IF 8.4 2区 医学 Q1 ALLERGY Pub Date : 2022-12-01 Epub Date: 2022-03-18 DOI: 10.1007/s12016-022-08926-0
Elena De Zorzi, Paolo Spagnolo, Elisabetta Cocconcelli, Elisabetta Balestro, Luca Iaccarino, Mariele Gatto, Francesco Benvenuti, Nicol Bernardinello, Andrea Doria, Toby M Maher, Elisabetta Zanatta

Thoracic involvement is one of the main determinants of morbidity and mortality in patients with autoimmune rheumatic diseases (ARDs), with different prevalence and manifestations according to the underlying disease. Interstitial lung disease (ILD) is the most common pulmonary complication, particularly in patients with systemic sclerosis (SSc), idiopathic inflammatory myopathies (IIMs) and rheumatoid arthritis (RA). Other thoracic manifestations include pulmonary arterial hypertension (PAH), mostly in patients with SSc, airway disease, mainly in RA, and pleural involvement, which is common in systemic lupus erythematosus and RA, but rare in other ARDs.In this review, we summarize and critically discuss the current knowledge on thoracic involvement in ARDs, with emphasis on disease pathogenesis and management. Immunosuppression is the mainstay of therapy, particularly for ARDs-ILD, but it should be reserved to patients with clinically significant disease or at risk of progressive disease. Therefore, a thorough, multidisciplinary assessment to determine disease activity and degree of impairment is required to optimize patient management. Nevertheless, the management of thoracic involvement-particularly ILD-is challenging due to the heterogeneity of disease pathogenesis, the variety of patterns of interstitial pneumonia and the paucity of randomized controlled clinical trials of pharmacological intervention. Further studies are needed to better understand the pathogenesis of these conditions, which in turn is instrumental to the development of more efficacious therapies.
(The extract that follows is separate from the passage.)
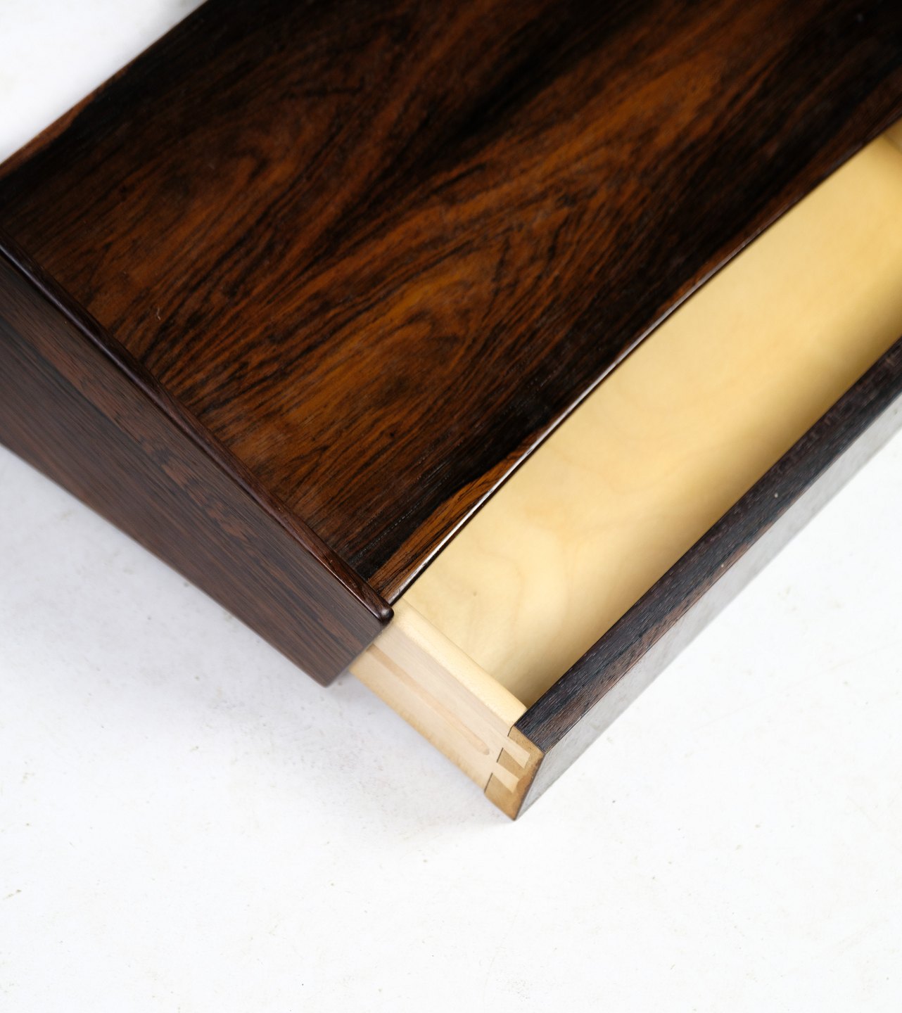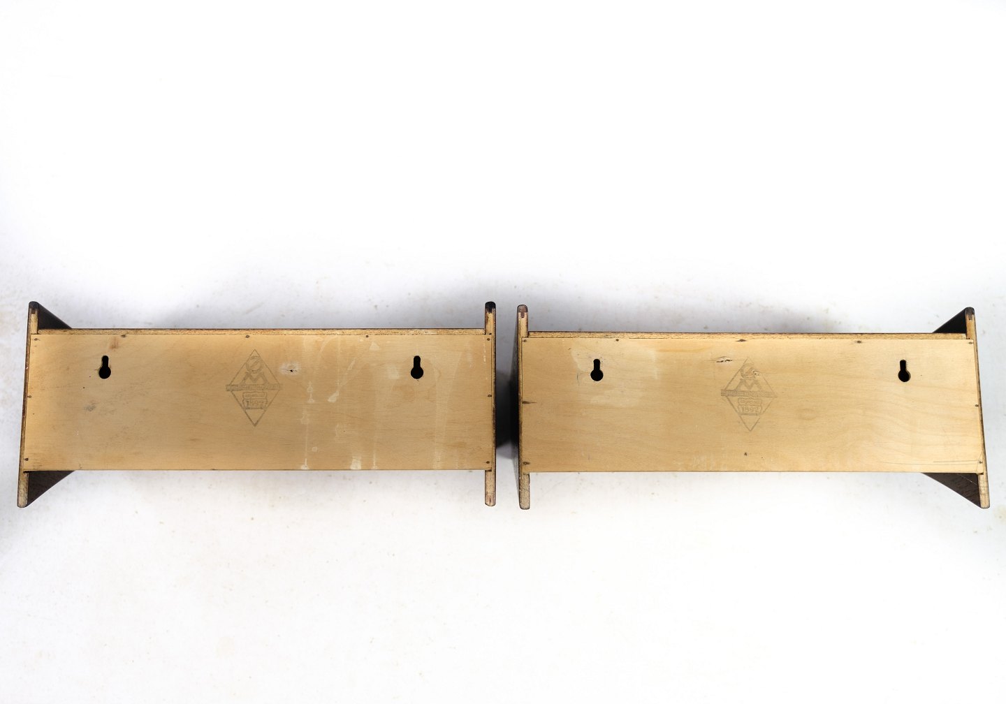 SolgtEt sæt væghængte natborde i palisander med skuffer fremstår med stempler af Ølholm Møbelfabrik, Horsens fra omkring 1960'erne.

胸部受累是自身免疫性风湿病(ARDs)患者发病率和死亡率的主要决定因素之一,不同的疾病有不同的发病率和表现。间质性肺病(ILD)是最常见的肺部并发症,尤其是在系统性硬化症(SSc)、特发性炎症性肌病(IIMs)和类风湿性关节炎(RA)患者中。其他胸部表现包括肺动脉高压(PAH),主要见于系统性硬化症(SSc)患者;气道疾病,主要见于类风湿性关节炎;胸膜受累,常见于系统性红斑狼疮和类风湿性关节炎,但罕见于其他 ARD。免疫抑制是治疗的主要手段,尤其是针对 ARDs-ILD 的治疗,但应仅限于临床症状明显或有疾病进展风险的患者。因此,需要进行全面的多学科评估,以确定疾病活动性和受损程度,从而优化患者管理。然而,由于疾病发病机制的异质性、间质性肺炎模式的多样性以及药物干预随机对照临床试验的匮乏,胸部受累(尤其是 ILD)的治疗具有挑战性。为了更好地了解这些疾病的发病机制,我们需要开展进一步的研究,这反过来又有助于开发更有效的疗法。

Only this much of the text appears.